**WORK TO COMPLETE**: Lines from the one with "А как ты думаешь, о" up to and including the one with "非阻塞赋值实现的功能相当于两个D触发器串联;" are to be copied exactly from the records below, without their pictures.

**INPUT MATERIAL**:
——
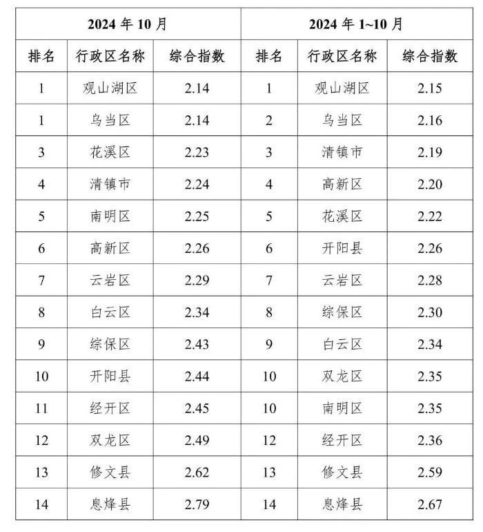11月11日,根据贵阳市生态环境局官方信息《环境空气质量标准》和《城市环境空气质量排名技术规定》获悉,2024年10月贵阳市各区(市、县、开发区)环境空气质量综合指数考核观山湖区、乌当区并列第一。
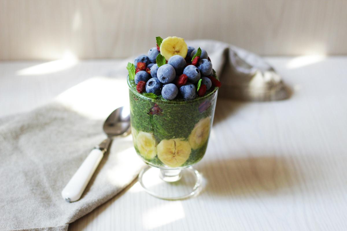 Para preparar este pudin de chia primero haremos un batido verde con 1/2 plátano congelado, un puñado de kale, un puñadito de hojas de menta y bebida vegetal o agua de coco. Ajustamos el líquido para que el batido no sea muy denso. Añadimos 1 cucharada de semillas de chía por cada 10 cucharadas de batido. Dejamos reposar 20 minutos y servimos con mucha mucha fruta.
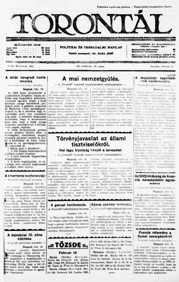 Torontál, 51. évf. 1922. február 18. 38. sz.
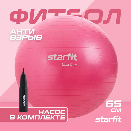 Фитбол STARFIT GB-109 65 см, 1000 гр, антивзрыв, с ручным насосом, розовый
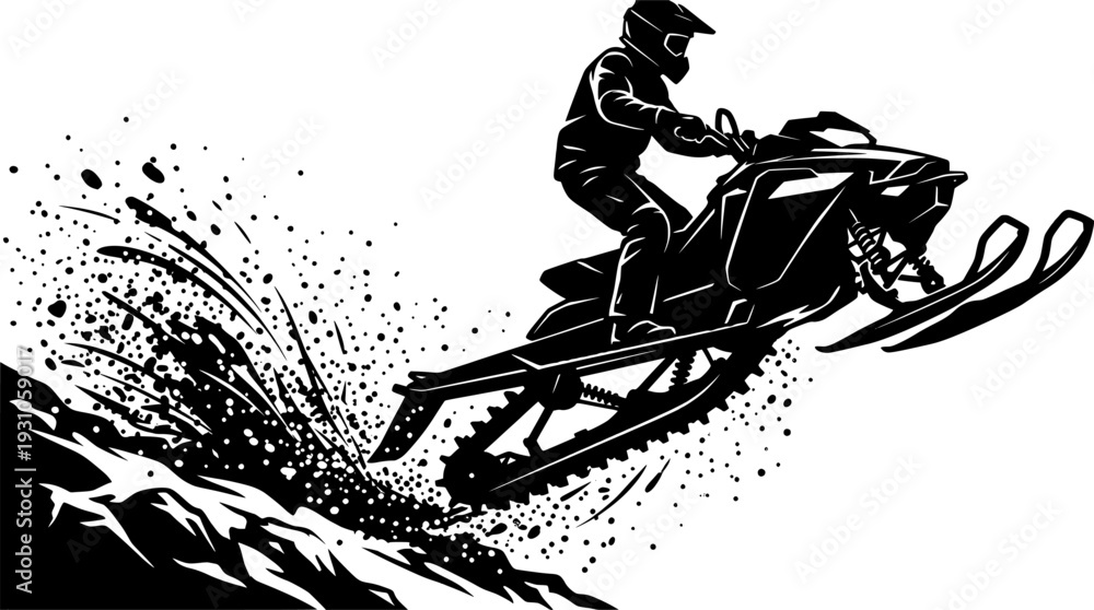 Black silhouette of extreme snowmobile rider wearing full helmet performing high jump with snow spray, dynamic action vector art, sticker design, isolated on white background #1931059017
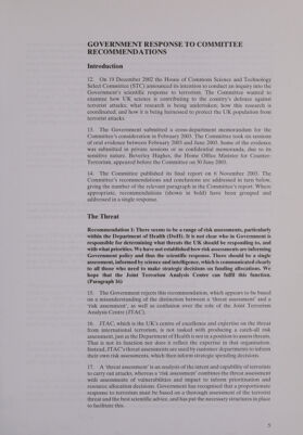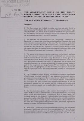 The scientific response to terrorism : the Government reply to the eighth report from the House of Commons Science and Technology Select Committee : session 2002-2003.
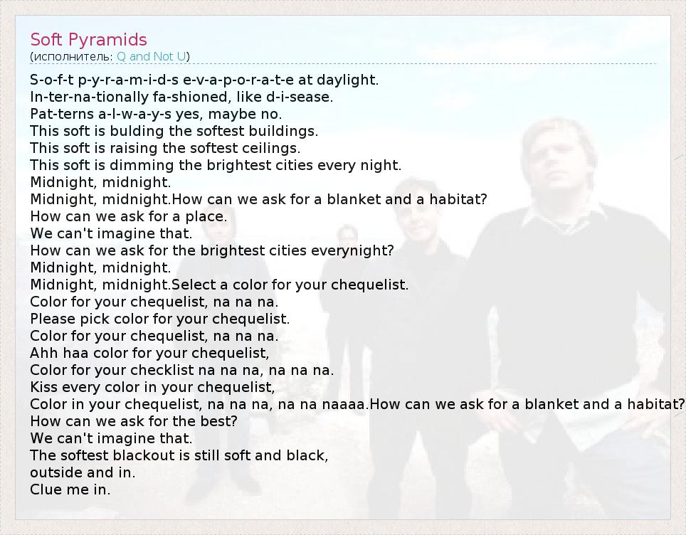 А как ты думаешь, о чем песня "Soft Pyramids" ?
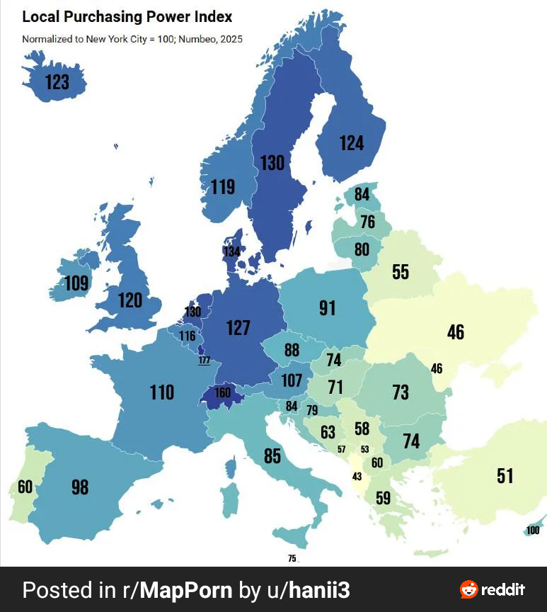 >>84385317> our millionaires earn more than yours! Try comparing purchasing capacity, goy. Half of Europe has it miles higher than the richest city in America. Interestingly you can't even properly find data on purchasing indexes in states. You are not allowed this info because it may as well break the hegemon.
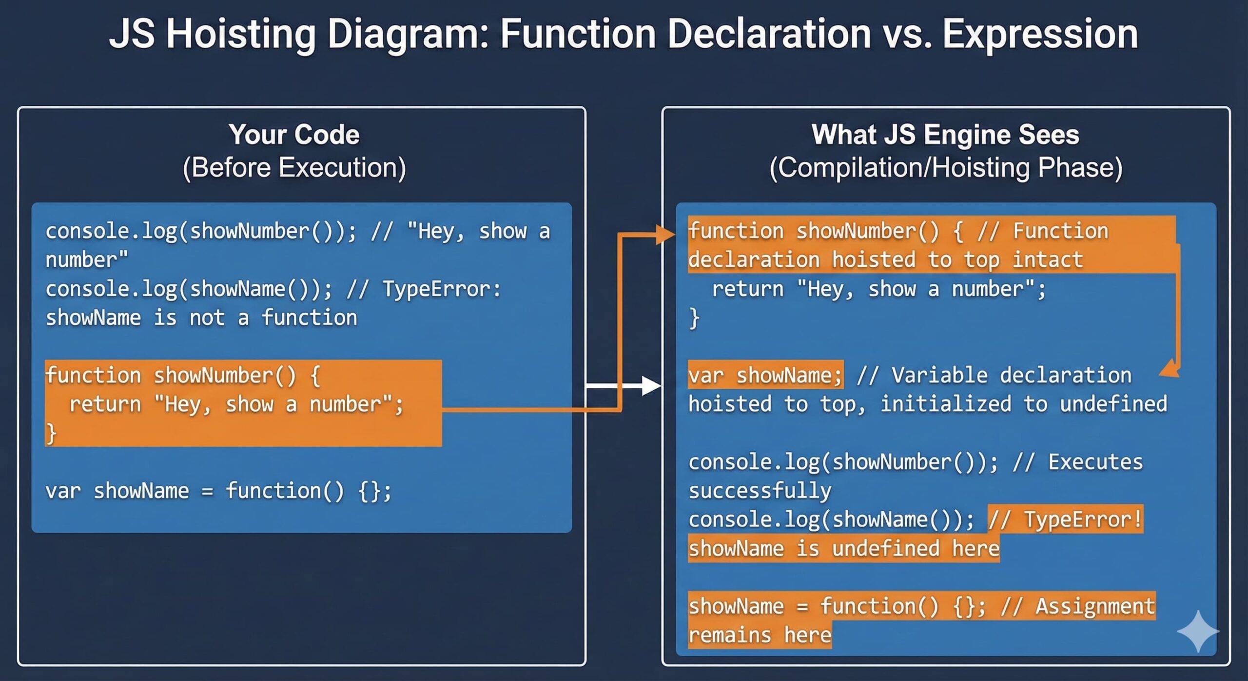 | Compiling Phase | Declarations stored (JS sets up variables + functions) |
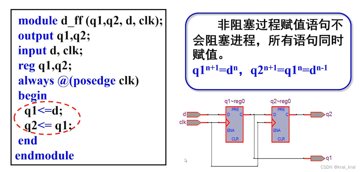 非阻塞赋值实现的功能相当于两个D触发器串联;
——
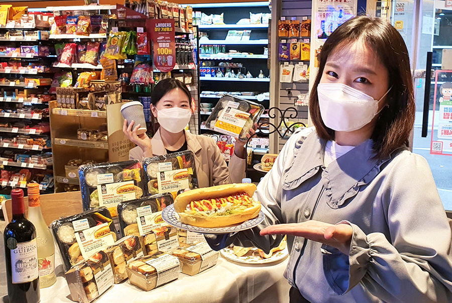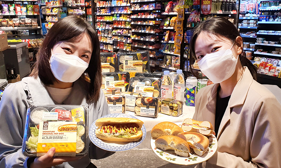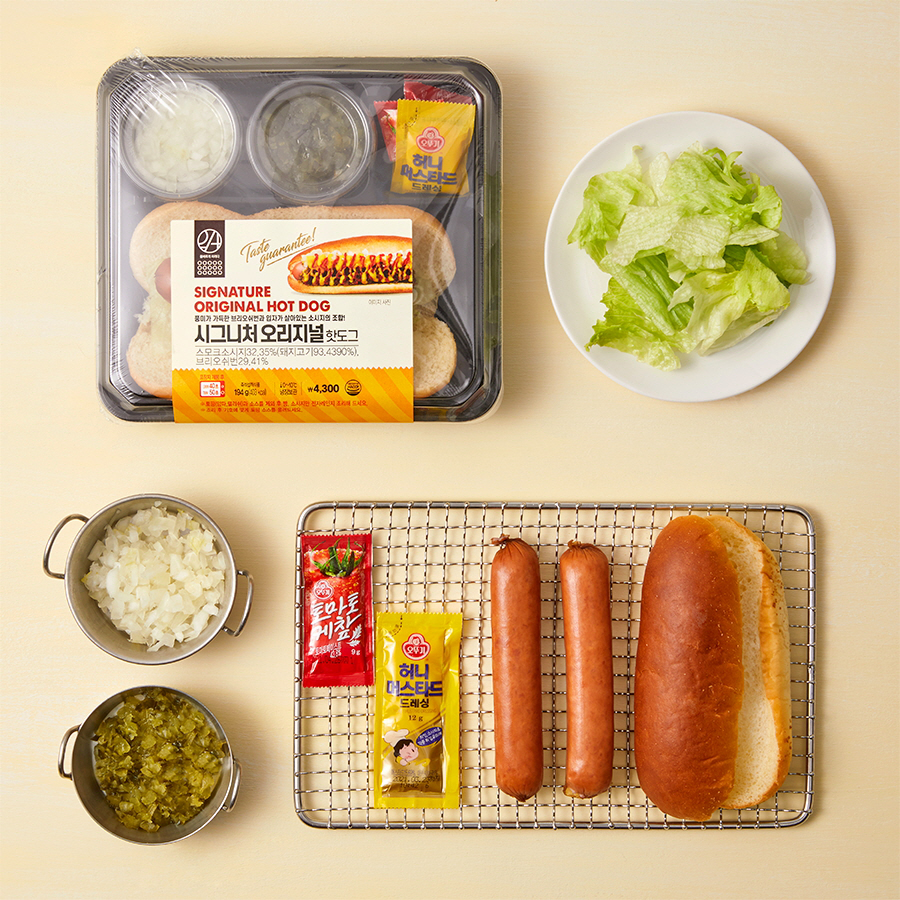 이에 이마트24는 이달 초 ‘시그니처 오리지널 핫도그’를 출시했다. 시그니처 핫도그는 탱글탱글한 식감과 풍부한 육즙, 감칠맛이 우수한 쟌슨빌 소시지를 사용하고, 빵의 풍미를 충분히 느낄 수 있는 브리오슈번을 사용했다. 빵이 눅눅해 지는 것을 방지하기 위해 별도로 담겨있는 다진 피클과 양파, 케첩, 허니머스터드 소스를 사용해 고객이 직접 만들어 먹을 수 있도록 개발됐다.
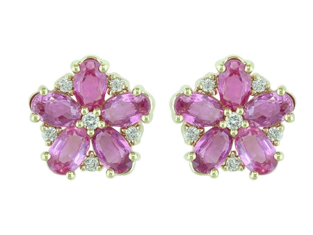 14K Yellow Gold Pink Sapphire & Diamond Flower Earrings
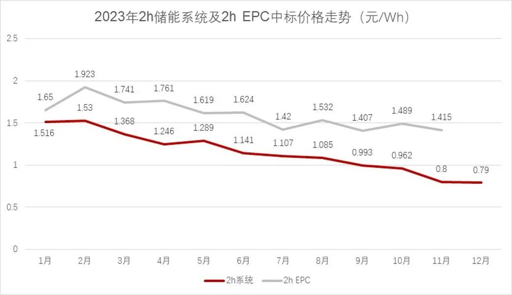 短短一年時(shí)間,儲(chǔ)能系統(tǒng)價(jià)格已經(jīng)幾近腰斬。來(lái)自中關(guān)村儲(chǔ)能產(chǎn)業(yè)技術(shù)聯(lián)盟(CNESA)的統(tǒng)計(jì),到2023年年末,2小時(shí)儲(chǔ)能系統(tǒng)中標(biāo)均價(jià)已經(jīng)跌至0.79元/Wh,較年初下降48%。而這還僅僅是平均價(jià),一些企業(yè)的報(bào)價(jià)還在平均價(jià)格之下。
——
**TASK RESULT**:
 А как ты думаешь, о чем песня "Soft Pyramids" ?
 >>84385317> our millionaires earn more than yours! Try comparing purchasing capacity, goy. Half of Europe has it miles higher than the richest city in America. Interestingly you can't even properly find data on purchasing indexes in states. You are not allowed this info because it may as well break the hegemon.
 | Compiling Phase | Declarations stored (JS sets up variables + functions) |
 非阻塞赋值实现的功能相当于两个D触发器串联;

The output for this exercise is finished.